We focus on the application of quasi-Newton methods with line search to BBVI with Gaussian approximating families.
This is well suited to problems with up to several hundred latent variables, which covers a very large number of applied statistical models such as those that appear in the Stan model library, many of which remain very challenging for BBVI.
Quasi-Newton SAA can also scale to much larger models when using diagonal Gaussian approximating families.


\begin{figure}[t]
  \centering
 \includegraphics[width=\linewidth, trim={0cm 0cm 0cm 0cm},clip]{plots/elbo-improvement.pdf}
%  \fbox{\includegraphics[width=\linewidth, trim={.7cm 0cm 0cm 0cm},clip]{plots/electric-new.pdf}}
 \includegraphics[width=\linewidth, trim={.25cm 0cm 0cm 0cm},clip]{plots/electric-new.pdf}
 \caption[Top: ELBO improvement (nats) vs. running-time improvement of \textcolor{seaborn-3}{SAA for VI} compared to \textcolor{seaborn-2}{Adam}
 Bottom: optimization traces for ``electric'' model.]%
 {
  Top: ELBO improvement (nats) vs. running-time improvement (number of times faster) for \textcolor{seaborn-3}{SAA for VI} compared to \textcolor{seaborn-2}{Adam}, across 9 Stan models and 6 Bayesian logistic regression models using a dense-covariance Gaussian distribution.

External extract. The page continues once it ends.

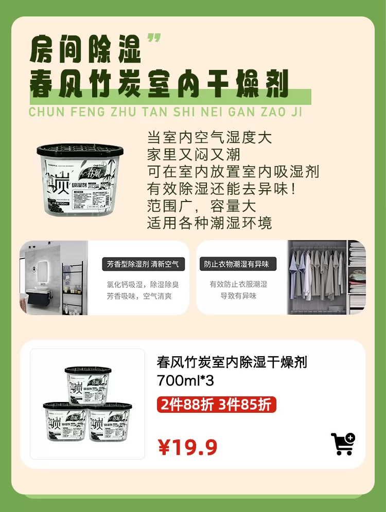 春风竹炭室内除湿干燥剂700ml*3

The bordered point \tikz[baseline=-0.75ex]\draw[black, thin, fill=orange] (0,0) circle (2.5pt); indicates that the models ``australian'' and ``ionosphere'' share the same coordinates.
  Bottom: Optimization traces for the ``electric'' model. 
  See Section~\ref{sec:experiments} and Appendix~\ref{appendix:adam} for details.
  }
  \label{fig:elbo-adam-summary}
\end{figure}


Figure~\ref{fig:elbo-adam-summary} illustrates the speed and accuracy benefits of SAA compared to Adam when approximating the posterior distributions of 9 real Stan models and 6 Bayesian logistic regression models (see Table~\ref{table:dataset-description}) using Gaussian distributions with dense covariance matrices.
SAA is always comparable to or better to Adam in terms of solution quality, and, for 10 out of 15 models, either achieves a much better solution, or achieves a comparable solution much faster.
Notably, nearly a third of the models are failure cases for Adam, where SAA finds a solution that is hundreds of nats better. 

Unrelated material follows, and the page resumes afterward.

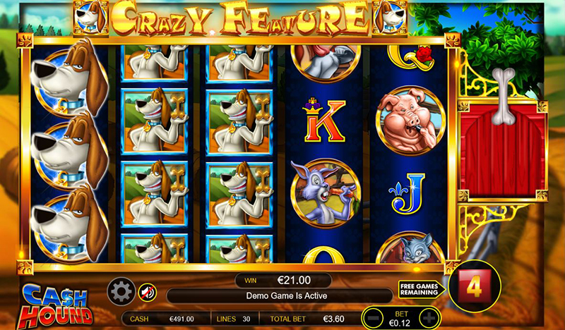 Het bonus spel bij Cash Hound staat ook wel bekend als het ‘Crazy Feature’. Met vele Wilds en hondenkoppen die omdraaien tot allemaal hetzelfde symbool zal je zien dat je wel tientallen uitbetalingen per spin krijgt. In totaal krijg je op z’n minst 6 gratis spins, al zal je zien dat er ook re-spins worden uitgedeeld zodat het aantal gratis speelbeurten oploopt.

To achieve this robustness, we design the SAA for VI algorithm, which applies SAA to BBVI in an efficient and automatic way whenever the approximating family is reparameterizable.
To address the Monte Carlo error introduced by using a fixed random sample within SAA, we adapt techniques from the SAA literature to solve a sequence of problems with increasing sample sizes until a stopping criterion is reached~\citep{chen2001stochastic} and develop a custom stopping criterion for BBVI as well as default schedules for samples sizes and optimization tolerances to achieve robust out-of-the-box performance.
SAA for VI also leverages the GPU-friendly nature of the SAA objective to increase optimization efficiency. 

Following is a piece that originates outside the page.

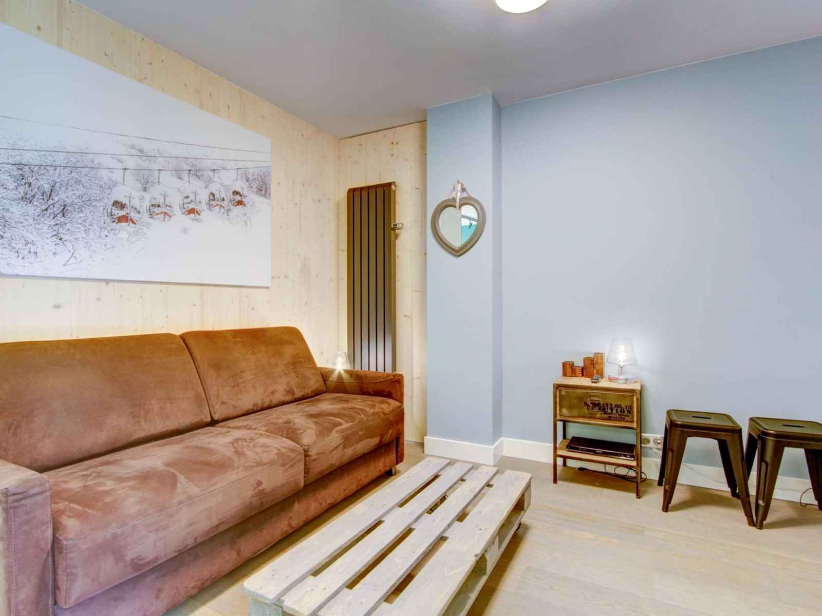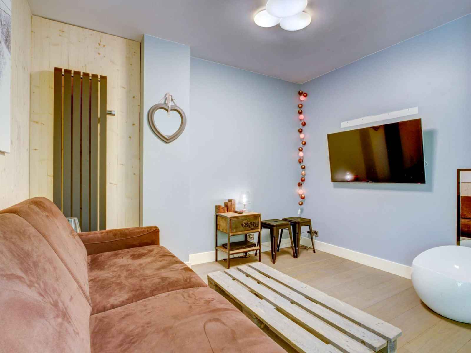 - une belle pièce à vivre avec coin salon et canapé-lit (140x190),

Our empirical results demonstrate that SAA for VI on our benchmark is competitive with state-of-the-art BBVI optimization methods---including first-order methods (Adam and AdaGrad) as well as a prior second-order stochastic optimization algorithm for BBVI~\citep{liu2021quasi}---while simplifying the variational inference process.

Concurrently with our work, \citet{giordano2023black} proposed a sample average approximation algorithm for variational inference, motivated by the same challenges of stochastic gradient methods that limit the robustness and broad applicability of BBVI. 
We discuss the relationship between our method and theirs in Section~\ref{sec:related-work}.